President Denis Sassou Nguesso did not finally receive the French Minister of Finance, Bruno Le Maire, during the meeting of the franc zone held on 12 and 13 April in Brazzaville. The French money-maker contented himself with a tête-à-tête with his Congolese counterpart, Calixte Ganongo, Minister of Finance and Budget.
Brazzaville was hoping for fresh money to absorb its budget crisis as part of the Yaoundé pledge of December 2016, when France had pledged 1 billion euros to the countries in the zone. But meanwhile, François Hollande was succeeded by Emmanuel Macron at the Elysee and Michel Sapin was replaced by Bruno Mayor in Bercy.
Regarding the Congo, Paris conditions the release of 135 million euros announced on the sidelines of the meeting at the conclusion of an agreement with the IMF, which is on mission in the country until 17 in the aim of concluding a program.
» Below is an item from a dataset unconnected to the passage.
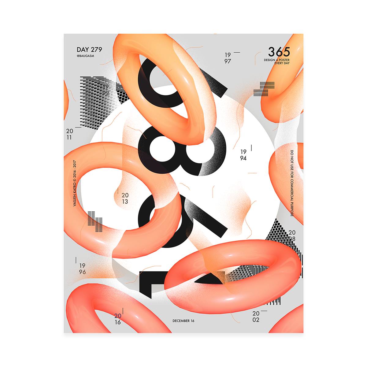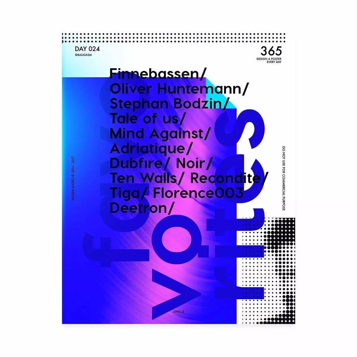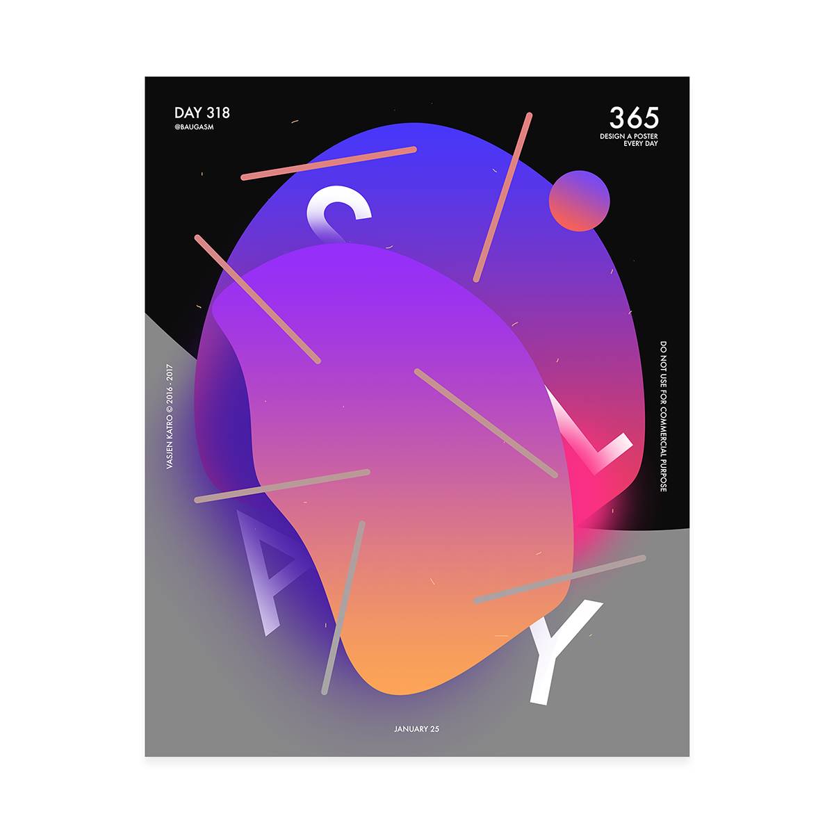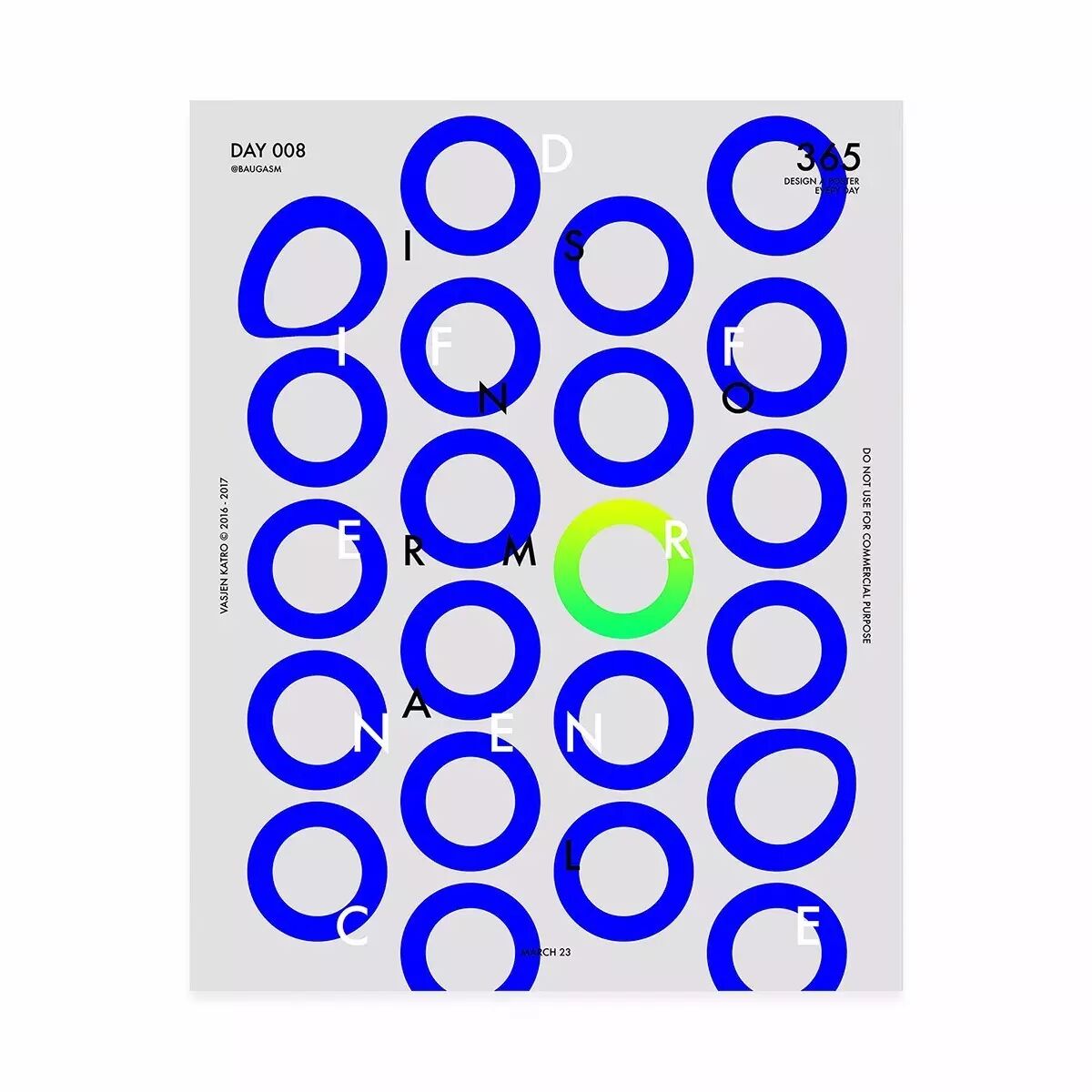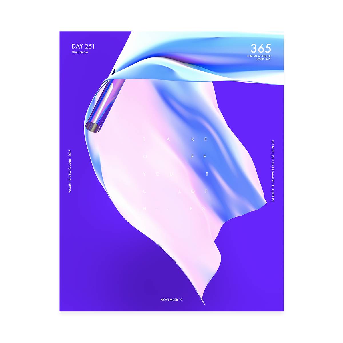 而他最为人知的就是去年开始他给自己制定的一个目标,他为了挑战自己,决定每天创作一个海报,坚持一年时间,也就是365天,365张海报!

Due to a debt estimated at 120% of GDP, Congo is in a critical situation, the epicenter of a CEMAC (Community of Central African States) area growing by 0%, in contrast with the 6% earmarked. by the West African Economic and Monetary Union (WAEMU).
The problems of over-indebtedness and public deficits, which figure prominently in the final communiqué, are pushing certain agencies to shake the specter of devaluation. On the question, the French Minister has been clear in front of his peers and the governors of central banks: “There will be no devaluation” he hammered, being of the opinion that the common currency to the eight states of the West Africa, 6 Central African States and the Comoros, is not overvalued.
And to suggest a possible reform of the area, probably echoing the many criticisms of African economists including the current incarnated by the Togolese Kako Nubukpo: “The franc zone is a historical legacy. We are ready to change it if African countries so wish. The same currency area provides stability. Clearly, Paris sends the ball of reforms to its African partners.